Records contained in a dataset
***

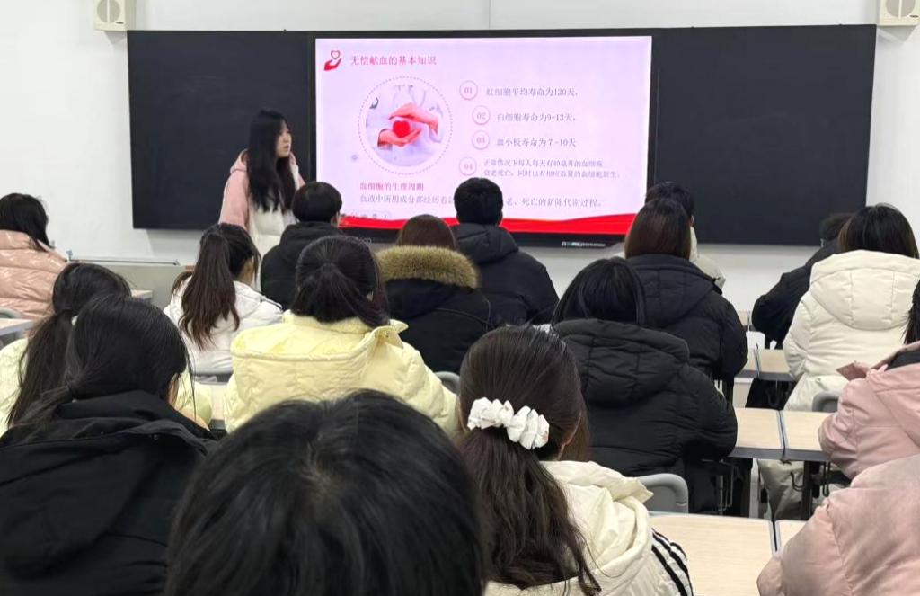 为弘扬无私奉献的人道主义,切实增强青年学子的社会责任感与使命担当,12月8日,英国正版365官方网站在崇德楼4416等教室开展无偿献血主题宣讲活动。
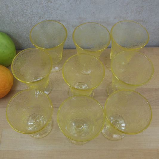 Hazel Atlas Florentine Yellow 2 - Footed Juice Glasses 9 Set
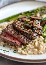 Pan roasted New York strip steak topped with veal Demi glacé served over shiitake mushroom risotto
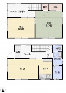 3K (和室:8畳) (洋室:6、6)、6帖洋-6帖洋-8帖和-K-(フリ-スペース)、B・T別室/水洗トイレ/洗面台/ウォシュレット/追い焚き機能/給湯//エアコン/電話設置可
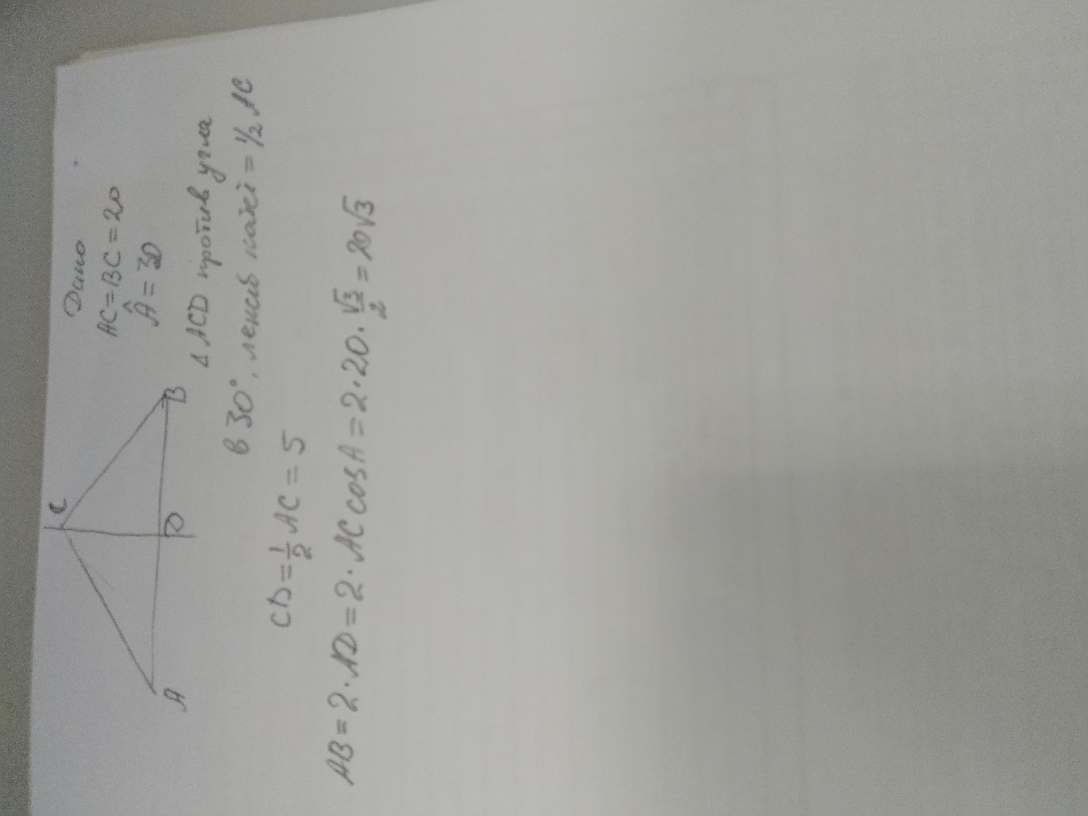 у рівнобедроному трикутнику кут при основі дорівнює 30 градусів бічна сторона 20см.знайдвть основу трикутника й висоту опущену на основу
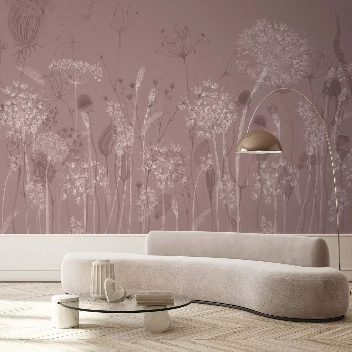 Fototapety Vzdušné púpavy a divoké kvety v akvarelovom štýle v ružových tónoch Nr. w08637v1
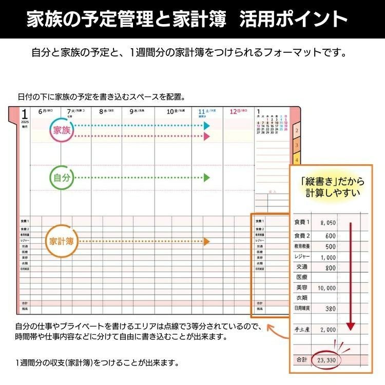 他の画像を見る 家族の予定とお金の管理ができる手帳 クツワ 手帳 2026年 家族 + 家計簿 付き 手帳 B6 週間 KUTSUWA ダイアリー【メール便送料無料】 2025年 12月始まり ◇ メール便無料 価格 ¥ 2,750 税込 在庫切れ カートに入れる お気に入りに登録する

***

Work order: Without including any pictures, please restate all the records exactly.

Written reply:
 为弘扬无私奉献的人道主义,切实增强青年学子的社会责任感与使命担当,12月8日,英国正版365官方网站在崇德楼4416等教室开展无偿献血主题宣讲活动。
 Hazel Atlas Florentine Yellow 2 - Footed Juice Glasses 9 Set
 Pan roasted New York strip steak topped with veal Demi glacé served over shiitake mushroom risotto
 3K (和室:8畳) (洋室:6、6)、6帖洋-6帖洋-8帖和-K-(フリ-スペース)、B・T別室/水洗トイレ/洗面台/ウォシュレット/追い焚き機能/給湯//エアコン/電話設置可
 у рівнобедроному трикутнику кут при основі дорівнює 30 градусів бічна сторона 20см.знайдвть основу трикутника й висоту опущену на основу
 Fototapety Vzdušné púpavy a divoké kvety v akvarelovom štýle v ružových tónoch Nr. w08637v1
 他の画像を見る 家族の予定とお金の管理ができる手帳 クツワ 手帳 2026年 家族 + 家計簿 付き 手帳 B6 週間 KUTSUWA ダイアリー【メール便送料無料】 2025年 12月始まり ◇ メール便無料 価格 ¥ 2,750 税込 在庫切れ カートに入れる お気に入りに登録する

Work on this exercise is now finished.